▶ _Work order_
Reproduce word for word the lines of the listing from the first one through the one with "更重要的是,建造更多這種按需租賃類型的競爭正在加速。根據Yardi Matrix的數據,2021 年,有6,740", omitting every picture.

▶ _Source data_
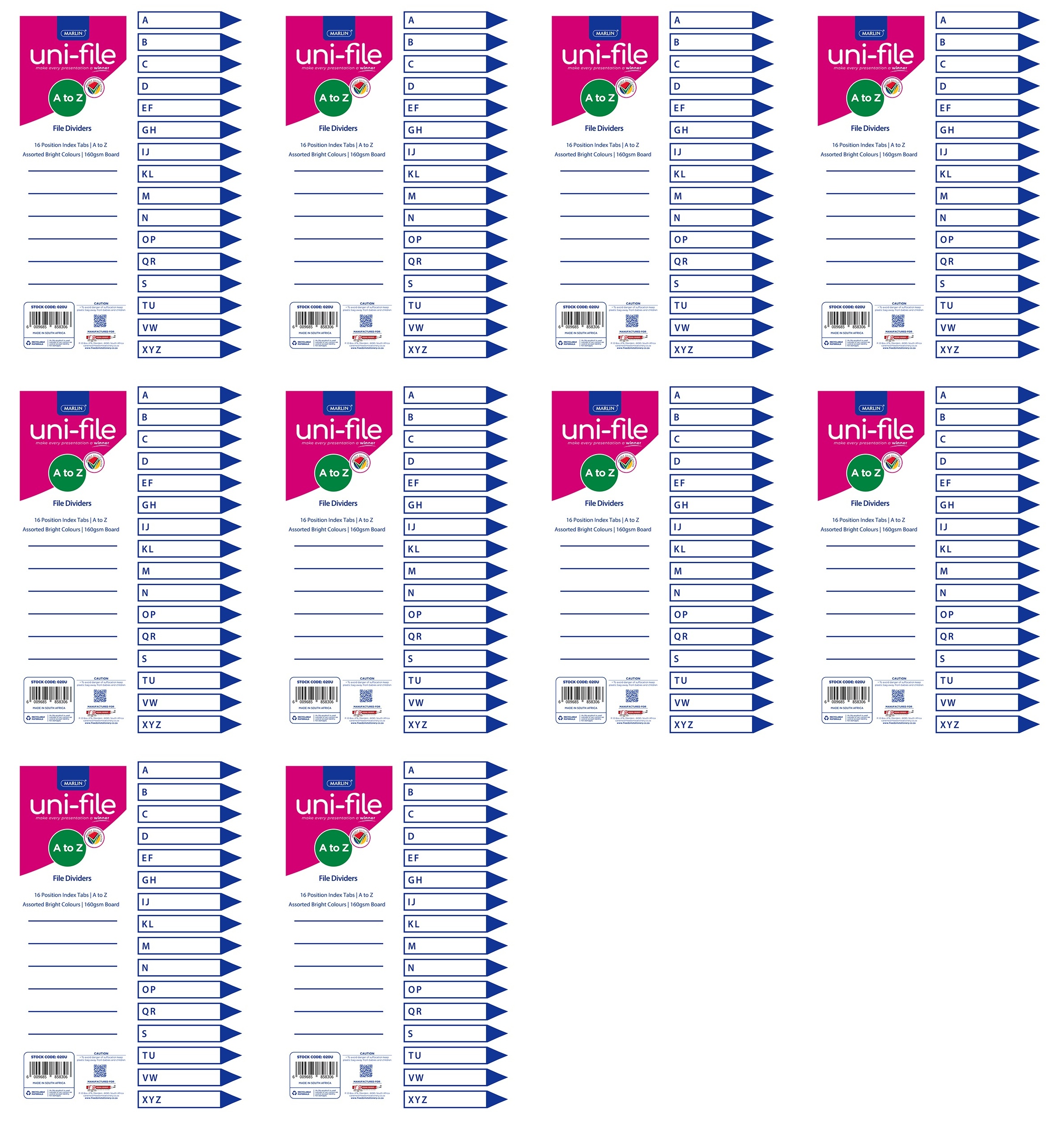 Marlin File Dividers / Indexes 160gsm Bright Board: A To Z 16 Position
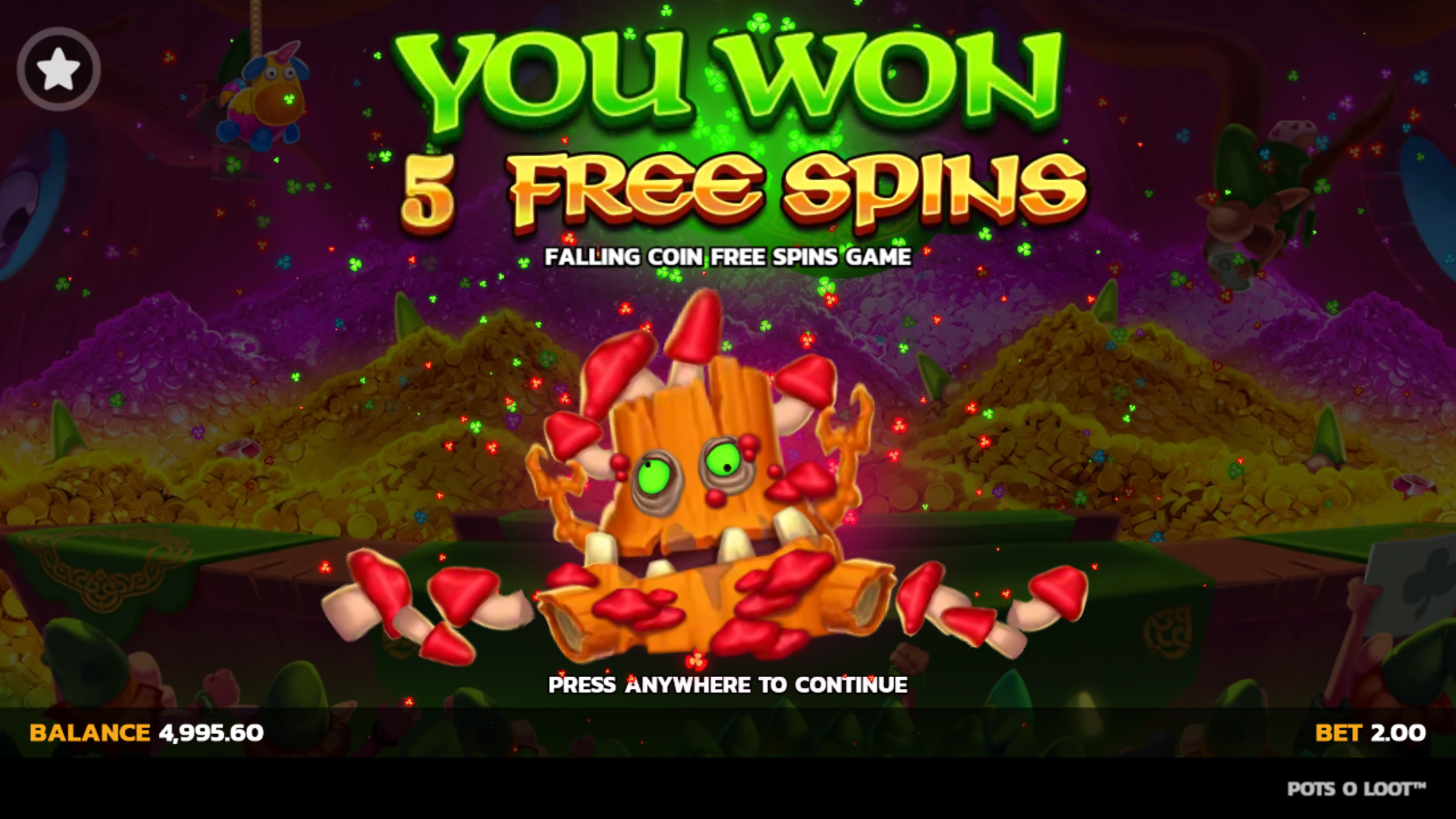 | Features | Collect / Double Collect Boost / Wild Modifier Improve / Nudge BONUS Collect Rooty Falling Coin Feature Stumpy Base Game Feature FinnTastic Zone |
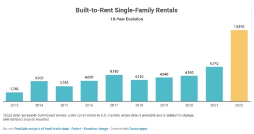 更重要的是,建造更多這種按需租賃類型的競爭正在加速。根據Yardi Matrix的數據,2021 年,有6,740 套新長租別墅竣工——這是迄今為止的最高年度竣工總量。但是,這只是一個趨勢的開始,預計今年建設速度將翻一番,大約有14,000套建造出租房屋正在建設中。
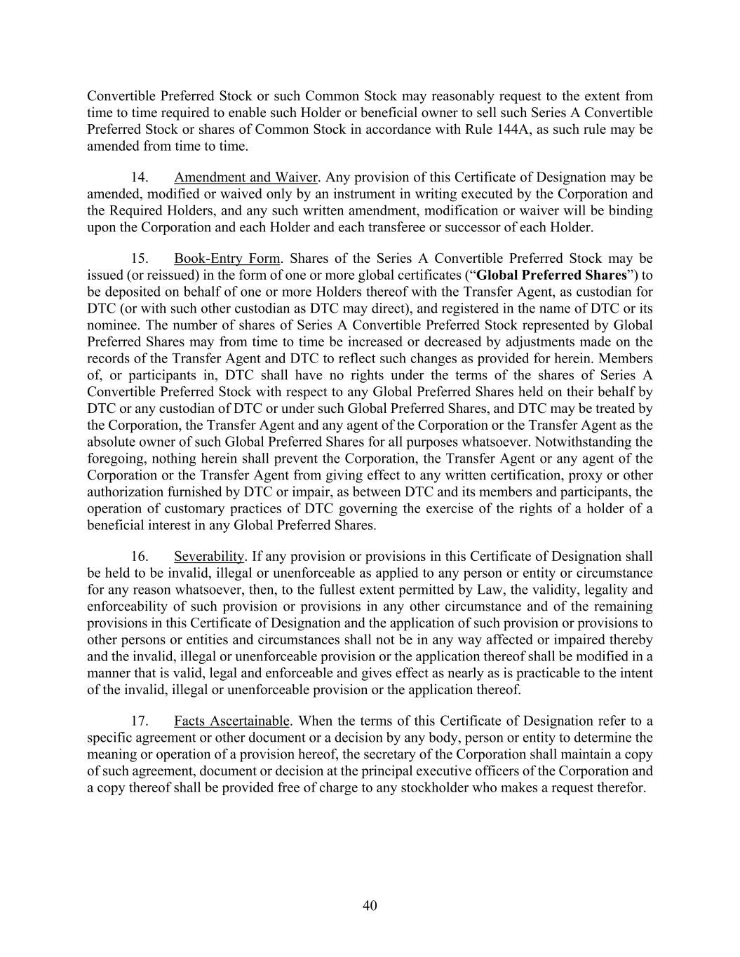 40 Convertible Preferred Stock or such Common Stock may reasonably request to the extent from time to time required to enable such Holder or beneficial owner to sell such Series A Convertible Preferred Stock or shares of Common Stock in accordance with Rule 144A, as such rule may be amended from time to time. 14. Amendment and Waiver. Any provision of this Certificate of Designation may be amended, modified or waived only by an instrument in writing executed by the Corporation and the Required Holders, and any such written amendment, modification or waiver will be binding upon the Corporation and each Holder and each transferee or successor of each Holder. 15. Book-Entry Form. Shares of the Series A Convertible Preferred Stock may be issued (or reissued) in the form of one or more global certificates (“Global Preferred Shares”) to be deposited on behalf of one or more Holders thereof with the Transfer Agent, as custodian for DTC (or with such other custodian as DTC may direct), and registered in the name of DTC or its nominee. The number of shares of Series A Convertible Preferred Stock represented by Global Preferred Shares may from time to time be increased or decreased by adjustments made on the records of the Transfer Agent and DTC to reflect such changes as provided for herein. Members of, or participants in, DTC shall have no rights under the terms of the shares of Series A Convertible Preferred Stock with respect to any Global Preferred Shares held on their behalf by DTC or any custodian of DTC or under such Global Preferred Shares, and DTC may be treated by the Corporation, the Transfer Agent and any agent of the Corporation or the Transfer Agent as the absolute owner of such Global Preferred Shares for all purposes whatsoever. Notwithstanding the foregoing, nothing herein shall prevent the Corporation, the Transfer Agent or any agent of the Corporation or the Transfer Agent from giving effect to any written certification, proxy or other authorization furnished by DTC or impair, as between DTC and its members and participants, the operation of customary practices of DTC governing the exercise of the rights of a holder of a beneficial interest in any Global Preferred Shares. 16. Severability. If any provision or provisions in this Certificate of Designation shall be held to be invalid, illegal or unenforceable as applied to any person or entity or circumstance for any reason whatsoever, then, to the fullest extent permitted by Law, the validity, legality and enforceability of such provision or provisions in any other circumstance and of the remaining provisions in this Certificate of Designation and the application of such provision or provisions to other persons or entities and circumstances shall not be in any way affected or impaired thereby and the invalid, illegal or unenforceable provision or the application thereof shall be modified in a manner that is valid, legal and enforceable and gives effect as nearly as is practicable to the intent of the invalid, illegal or unenforceable provision or the application thereof. 17. Facts Ascertainable. When the terms of this Certificate of Designation refer to a specific agreement or other document or a decision by any body, person or entity to determine the meaning or operation of a provision hereof, the secretary of the Corporation shall maintain a copy of such agreement, document or decision at the principal executive officers of the Corporation and a copy thereof shall be provided free of charge to any stockholder who makes a request therefor.
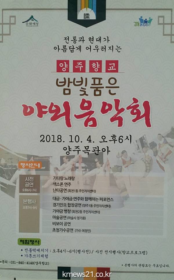 양주향교 관계자는 “전통과 현대가 어우러지는 문화한마당을 통해 깊어가는 가을 역사와 문화예술을 향유하는 즐거운 시간을 보내시기 바란다”고 말했다.
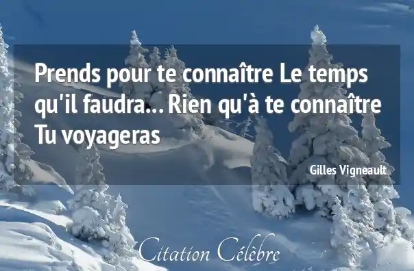 Prends pour te connaître Le temps qu'il faudra... Rien qu'à te connaître Tu voyageras
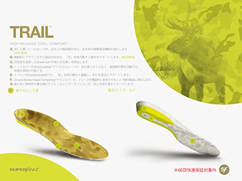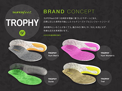 Studio : Superfeet, Inc. (Insoles) Publisher : Superfeet, Inc. (Insoles) Binding : Apparel Product Description Fits best in: Superfeet trail insoles fit many roomy hunting boot styles that have factory insoles you can remove. Gear up for the early season. Superfeet trail™ keep you cool and comfortable while scouting in the late summer heat. Featuring an exclusive scentlok® layer, aerospring™ impact foam and silent step™ stabilizing shape, trail insoles provide long-lasting comfort when you’re miles out. The ventilated forefoot and ground-sense™ impact dampening technology make the hours in the field easy on your feet. For the american outdoorsmen and women responsible for protecting the land and wildlife, Superfeet created the trophy series ? the first family of premium insoles designed specifically for the hunt. More stability = greater accuracy features more comfort and stability = greater accuracy scentlok® technology for long-lasting odor control silent step™ stabilizing shape ground-sense™ impact dampening technology the flexible heel cradle and foam provide the shape that supports the foot and arch. No latex, nickel sulfate, formaldehyde or preservatives. Vegan. How it works: Superfeet trail insoles adapt the generic, 2-dimensional surface inside of your roomy hunting boots to your 3-dimensional foot. The distinct Superfeet shape helps to stabilize the foot, while the flexible heel cradle and full-length foam provide support and comfort with every step. 0
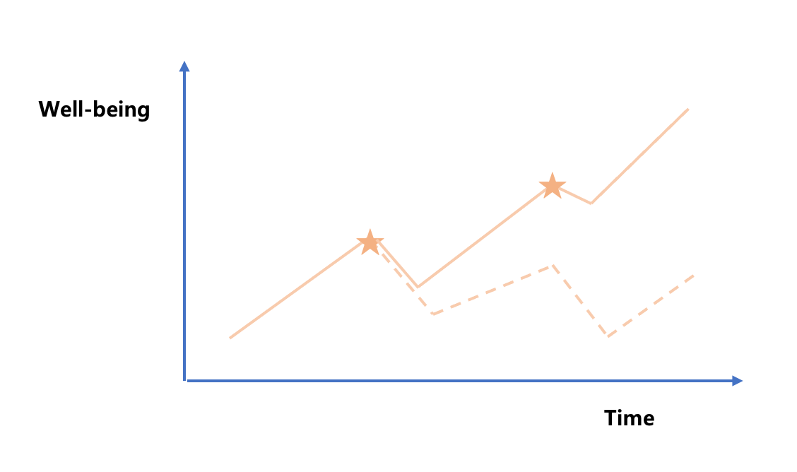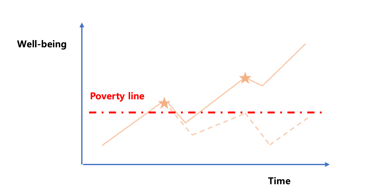 Resilience를 강화하지 못하고 위기상황을 맞이한 프로젝트의 결과를 더욱 직관적으로 보여주고자, 아래 그래프에서는 빈곤선(Poverty line)을 그어보았다. 첫번째 위기상황(★)이 오기 전엔 대상자들은 개발프로젝트를 통해 절대빈곤에서 벗어난 삶을 누릴 수 있게 되었다. 하지만 위기상황이 발생하자 대상자들은 다시금 빈곤선 아래로 생활 수준이 떨어지게 되고, 간신히 회복하는 듯 보였으나 또다른 위기로 인해 다시 빈곤선 아래에 놓이게 된다. 결국, 아래 그래프 실선에 해당하는 프로젝트 대상자들은 절대빈곤에서 벗어나지 못한다. 하지만 Resilience 강화를 목적으로 둔 프로젝트 대상자들은 첫번째 위기상황에서 다시금 빈곤선 아래로 떨어지지만, 곧 회복하여 빈곤선을 훨씬 상회하는 웰빙 수준을 유지하게 된다.
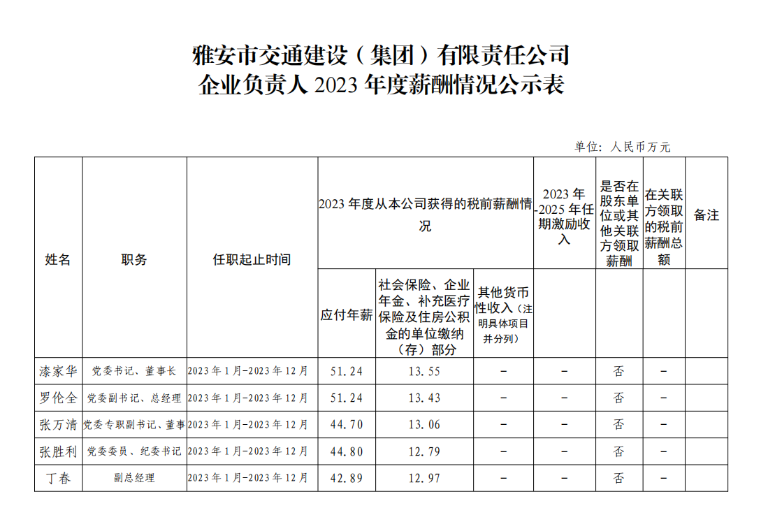 雅安市交通建设(集团)有限责任公司 企业负责人2023年度薪酬情况公示表
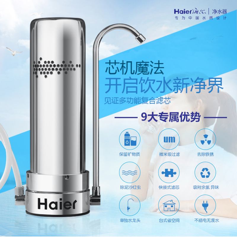 Haier water purifier household kitchen tap water filter HT101-2 stainless steel desktop faucet water purifier
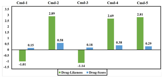 Both Cmd-1 and Cmd-3, which had negative drug-likeness values, had the lowest drug scores when compared to others. Strikingly, Cmd-2 obtained the highest values of drug-likeness and drug score when compared to other Cmds.
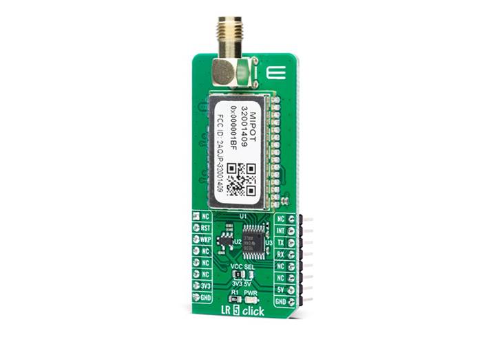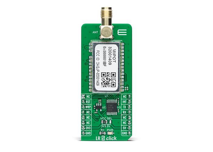 LR 5 Click is a compact add-on board that contains a long-range transceiver. This board features the 32001409, RF technology-based SRD transceiver, which operates at a frequency of 915MHz from Mipot. Thanks to the spread spectrum modulation feature, as well as the low power consumption, it is capable of achieving long-range communication, immune to interferences. It features a complete long-range stack onboard; it implements physical, network, and MAC layers, allowing for easy operation via the UART interface. This Click board™ offers an easy and reliable solution for developing highly integrated long-range IoT networks, security systems, alarm networks, and similar applications that require simple and reliable networking solutions.

▶ _Completed task_
 Marlin File Dividers / Indexes 160gsm Bright Board: A To Z 16 Position
 | Features | Collect / Double Collect Boost / Wild Modifier Improve / Nudge BONUS Collect Rooty Falling Coin Feature Stumpy Base Game Feature FinnTastic Zone |
 更重要的是,建造更多這種按需租賃類型的競爭正在加速。根據Yardi Matrix的數據,2021 年,有6,740 套新長租別墅竣工——這是迄今為止的最高年度竣工總量。但是,這只是一個趨勢的開始,預計今年建設速度將翻一番,大約有14,000套建造出租房屋正在建設中。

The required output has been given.